Still Daniel hesitates. Then, reluctantly, he moves forward, rounding the corner of the narrow front hallway to the small, dark living room, where a young woman lies supine on a sofa, a baby swaddled on the floor next to her.

She is clearly close to dying—utterly emaciated, the bones of her face as naked as a skull, her eyes sunken into her flesh. She reaches one scrawny hand out and then drops it in exhaustion. Her lank, dark hair lies in greasy strands next to her thin, pale face. “Hello?” she whispers. “Can you help me? Please?”

Daniel glances down at the baby, who is just as gaunt, its mewling cry pathetically weak, its tiny form nearly lifeless.

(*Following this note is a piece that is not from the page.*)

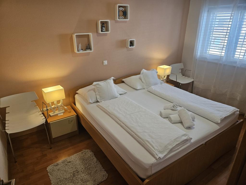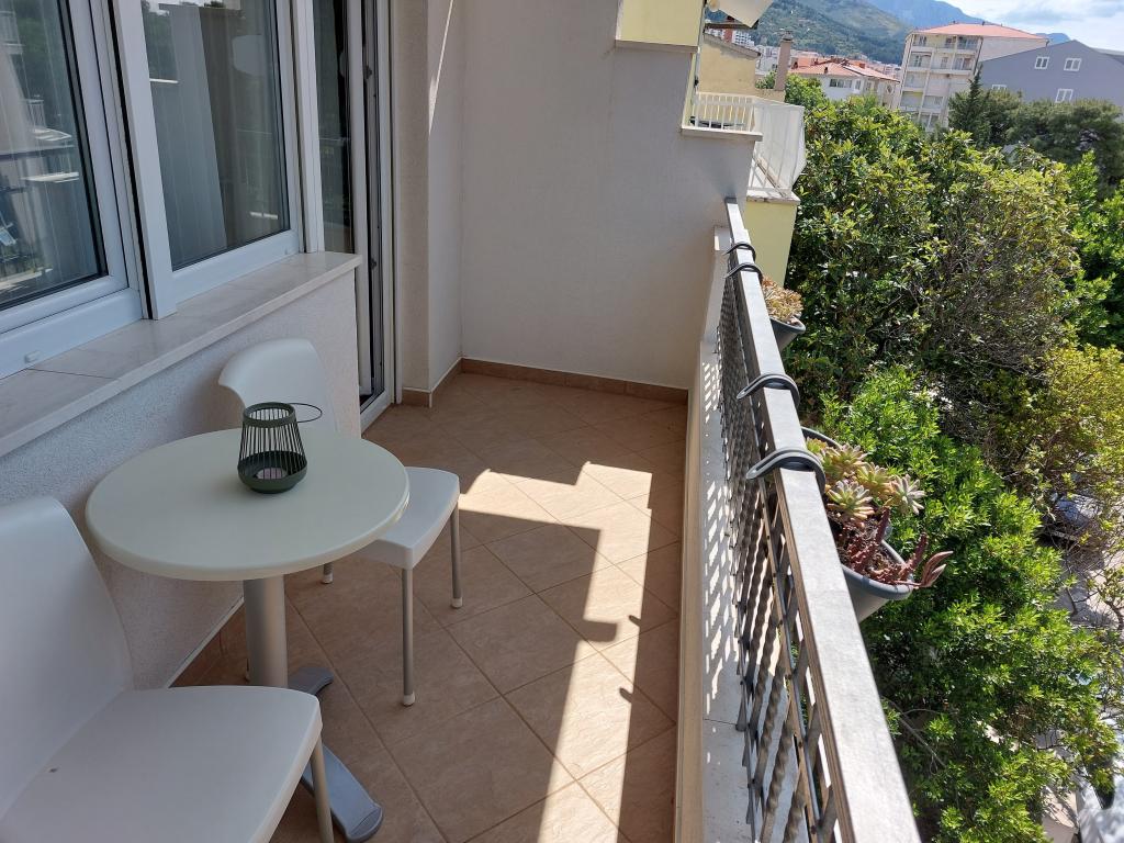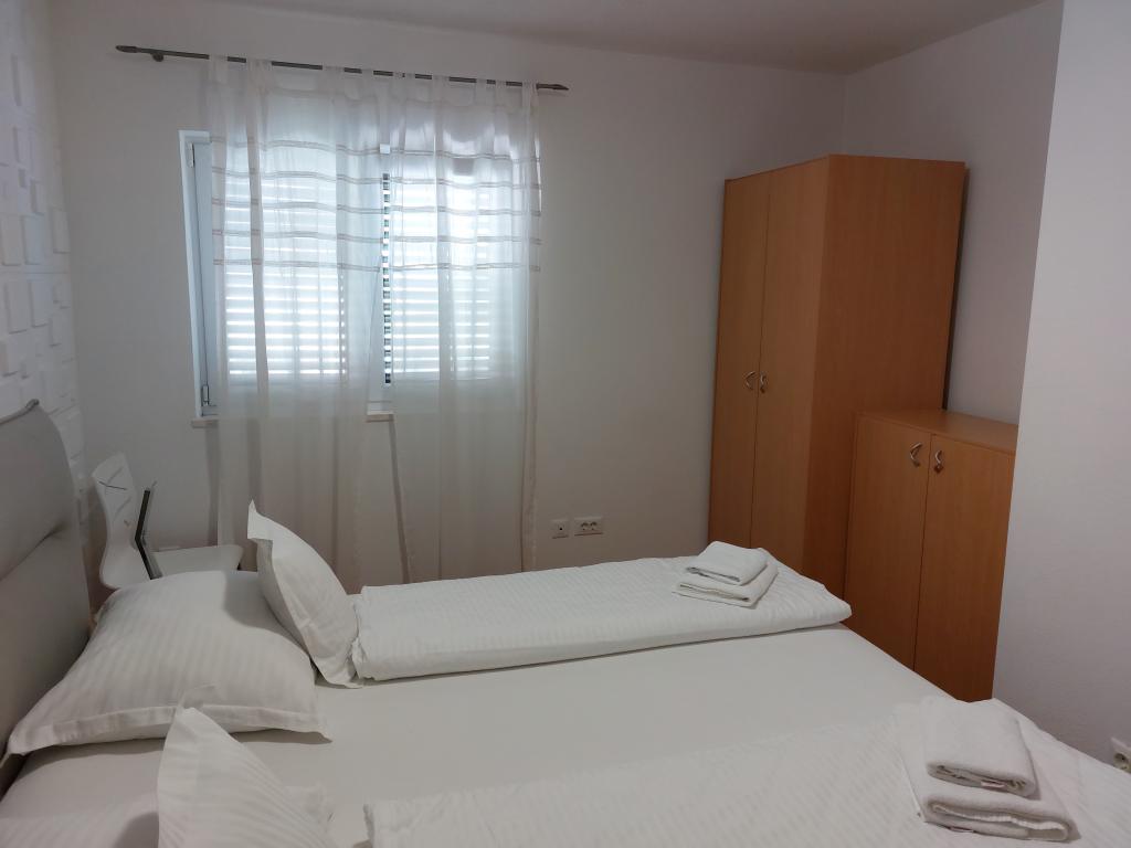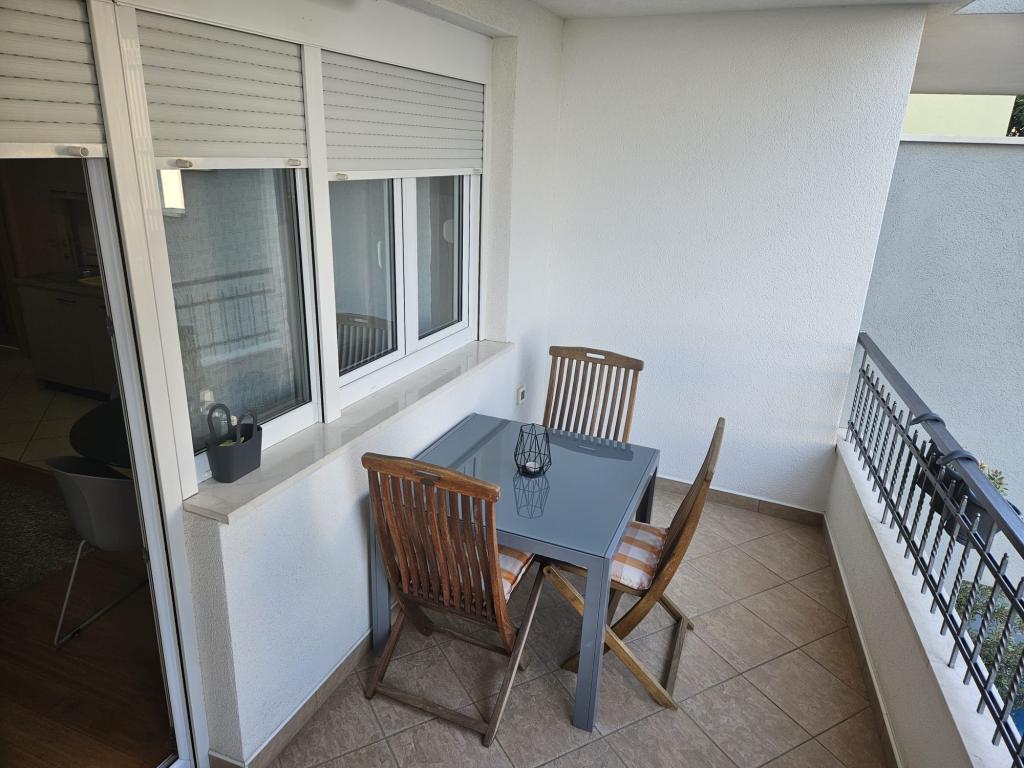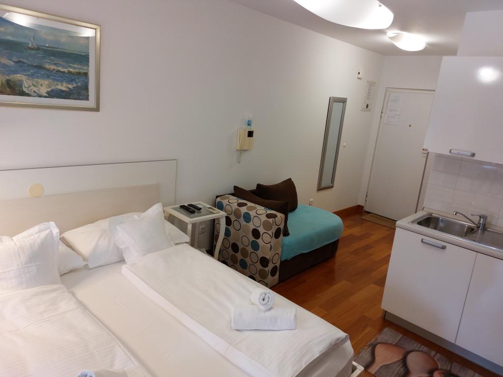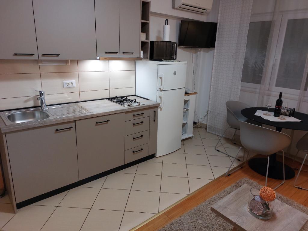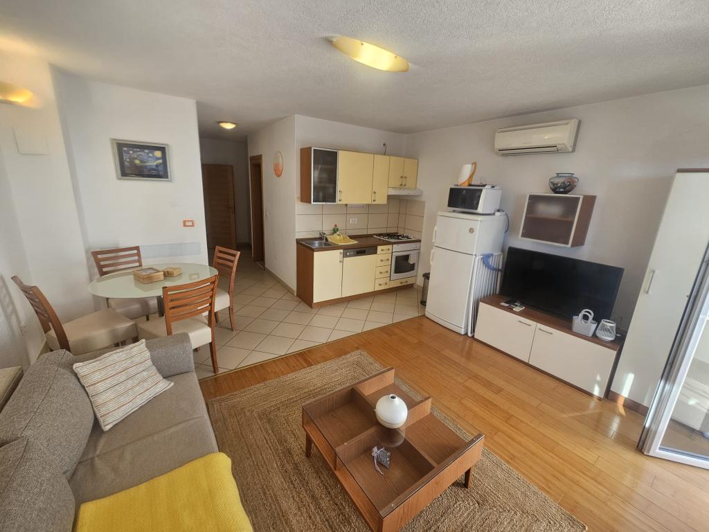 Our apartments are modern and fully equipped to make your stay as comfortable and carefree as possible. Each apartment includes an iron and ironing board, hairdryer, filter coffee maker, kettle, microwave. Guests also have access to complete utensils for preparing and serving food. All accommodation units have a flat-screen TV, free Wi-Fi, indoor and outdoor seating and relaxation areas. The accommodation units are air-conditioned. Parking must be reserved in advance due to the limited number of parking spaces within the facility. Fresh bed linen and towels await you upon arrival, which are changed as agreed. A baby cot, with prior notice, is available in this facility and is free of charge. Within the facility there is a shared courtyard with seating furniture, surrounded by Mediterranean plants - an ideal place to relax. The facility is located in a quiet area, in the second row from the sea, just a 2-minute walk to the beach and a ten-minute easy walk to the center.
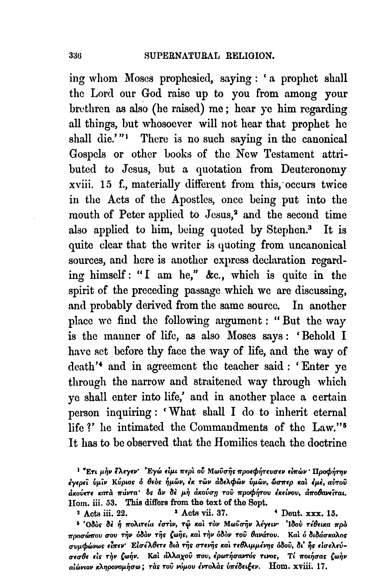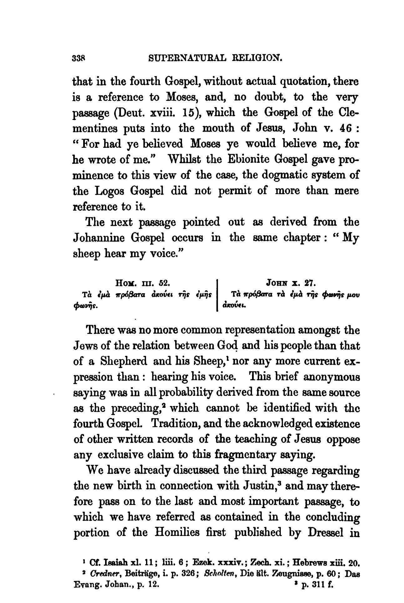 We have already quoted the opinion of De Wette as to the inconclusive nature of the deductions to be drawn from the quotations in the pseudo-Clementine writings regarding their source, but in pursuance of the plan we have adopted we shall now examine the passages which he cites as most nearly agreeing with our Gospels.(3) The first of these occurs in Hom. iii. 18: "The Scribes and the Pharisees sit upon Moses' seat; all things therefore, whatsoever they speak to you, hear them," which is compared with Matt, xxiii. 2, 3: "The Scribes and the Pharisees sit upon Moses' seat; all things therefore, whatsoever they say to you, do and observe." We subjoin the Greek of the latter half of these passages.

“How can I help?” he asks, and a smile breaks over her face, lighting her sunken eyes in a way that makes him feel wretched because already he knows he can’t help. It’s too late for her, and most likely for the baby as well.

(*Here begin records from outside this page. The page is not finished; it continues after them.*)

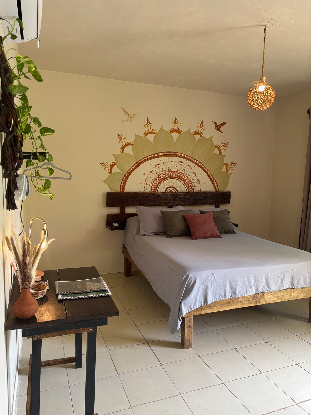 Hermoso cuarto confortable con todos los servicios necesarios para una calida estancia. Cuenta con una cama King Size, 1 cama individual, A/A, Ventiladores de Techo, Smart TV con Netflix, HBO, Prime Video), Frigobar, Cafetera con café de grano, WIFI), Baño propio. Laguna a solo 3 cuadras, mercado a 1 cuadra, centro a 3 cuadras. Contamos con 3 bicicletas incluidas en el precio de la habitación y cocina completa compartida.
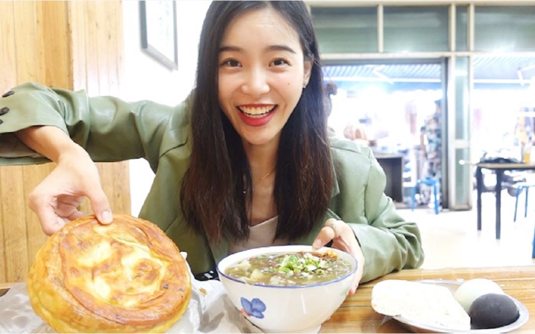 妹子花23元吃西安必吃早餐,8元大碗肉丸糊辣汤,10元牛肉饼金黄酥脆比脸大
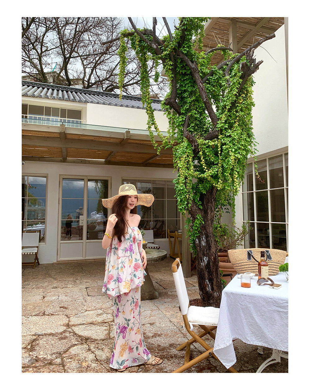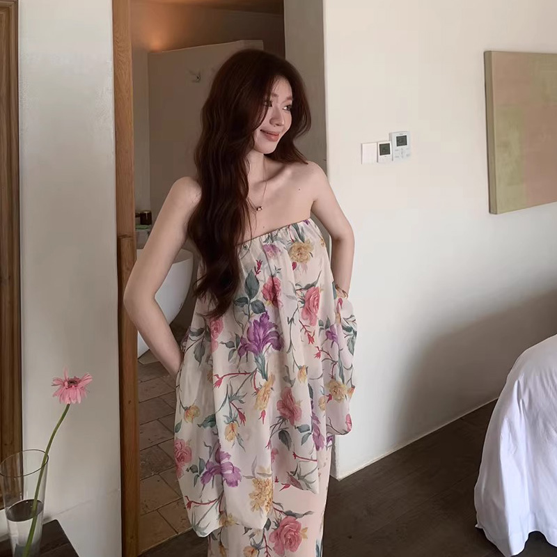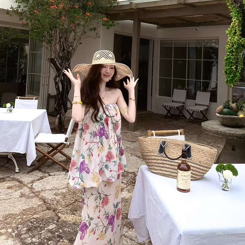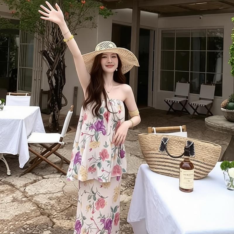 한 번 작은 짭짤한 휴가 바람 착용 가져 가라. 레이스 측면 캐미솔 세트 여성 2026 여름 루즈핏 와이드 레그 팬츠 투피스 세트
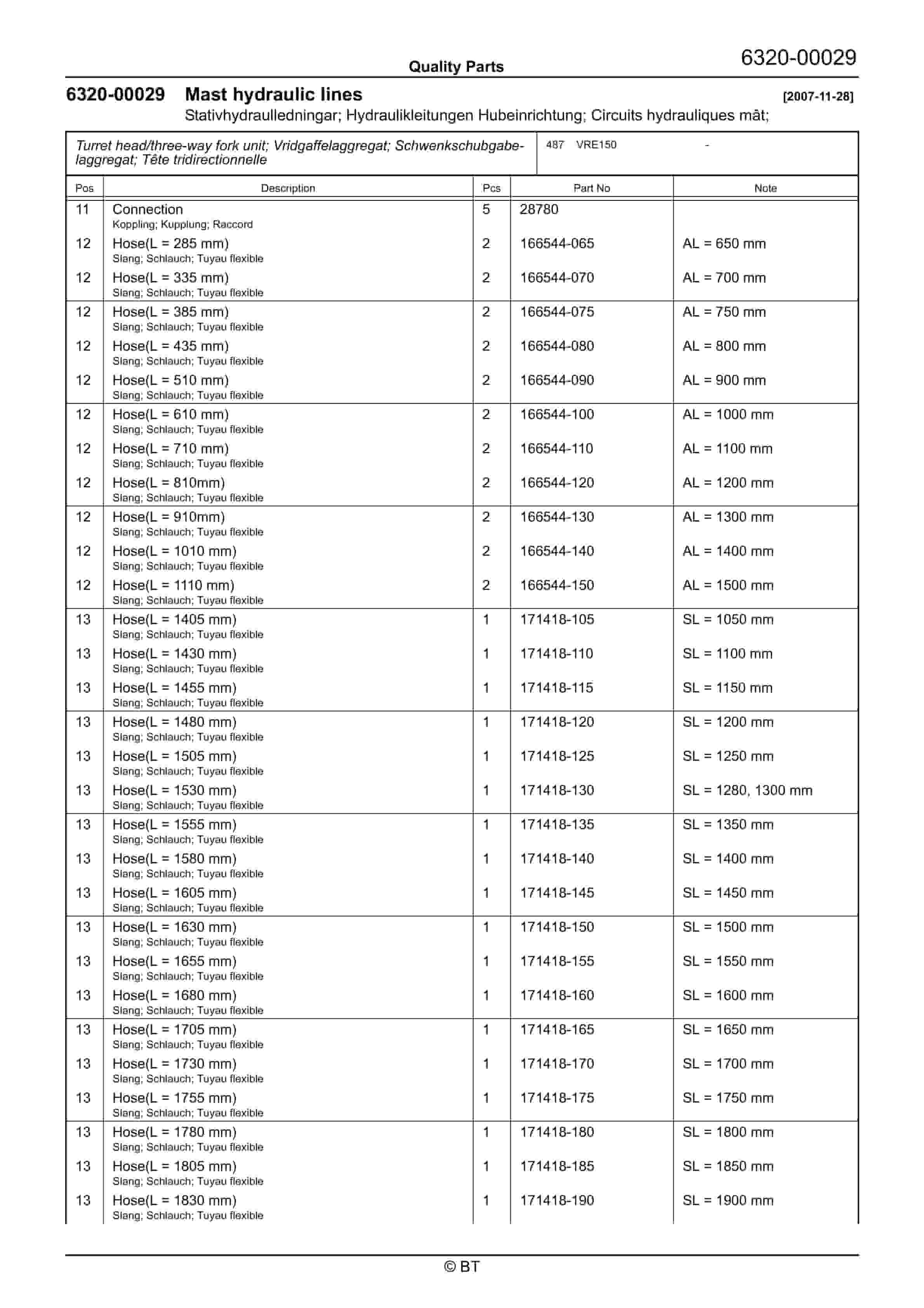 BT BTL20EW, BTL20EWO, BTL30EW, BTL30EWO, L20BR, L20BRO, L30BR, L30BRO Quality Parts 177967
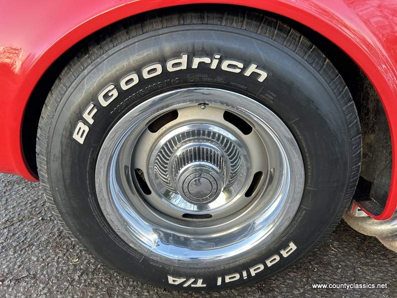 Original steel wheels with hub caps, trim rings and raised letter B/F Goodrich tyres all round.
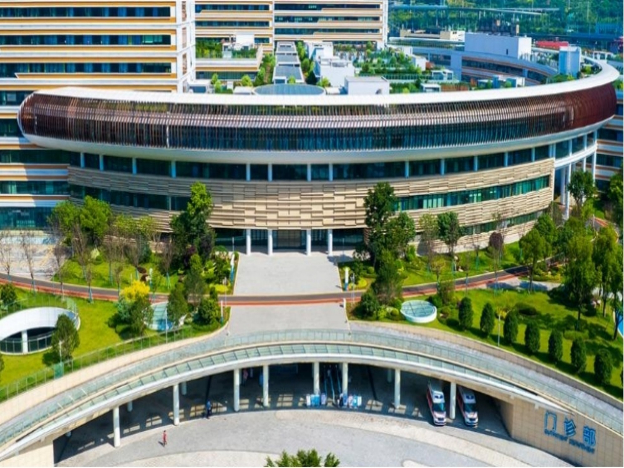 各建筑单体通过医疗主街相联,由南往北设有南病房楼、医技楼、北病房楼和科研行政医学中心,医疗街往东设有门诊楼和配套用房及教学交流中心,鸟瞰建筑的外轮廓近似半个圆环,构建出“虚圆实方”的整体建筑造型。

“I’m trying to get to Buffalo,” she rasps. “There’s a…a military base there…” She trails off, catching her breath; just those few words have taken too much effort. “It’s a safe place. They’re letting people in. I need to get there.”

Daniel shakes his head slowly, regretful but firm. “Buffalo is three hundred miles from here.”

“I have a car,” she says.

He stares at her for a long moment. “You do?”

She leans forward, nodding eagerly, then collapses back against the sofa, gasping for breath. “A Honda Civic. It’s parked in a locked garage about a mile from here, on County Road. I put it there when the looting started…I figured it would be safe, when I was ready to drive out somewhere, get away from all this…but then I got sick, and Tiffany too…” She gazes down at the baby, her lips trembling as she looks helplessly at her daughter. The baby’s face is so wizened it looks more like an alien than a child. Daniel feels a stirring of pity.

“Do you want me to get your car for you?” he asks.

She nods, eager again. “Would you…” She pauses, gulps. “Can I trust you?” she asks, the question of a helpless child.

What other answer can he give? He keeps her gaze as he answers.

“You can trust me,” he promises her.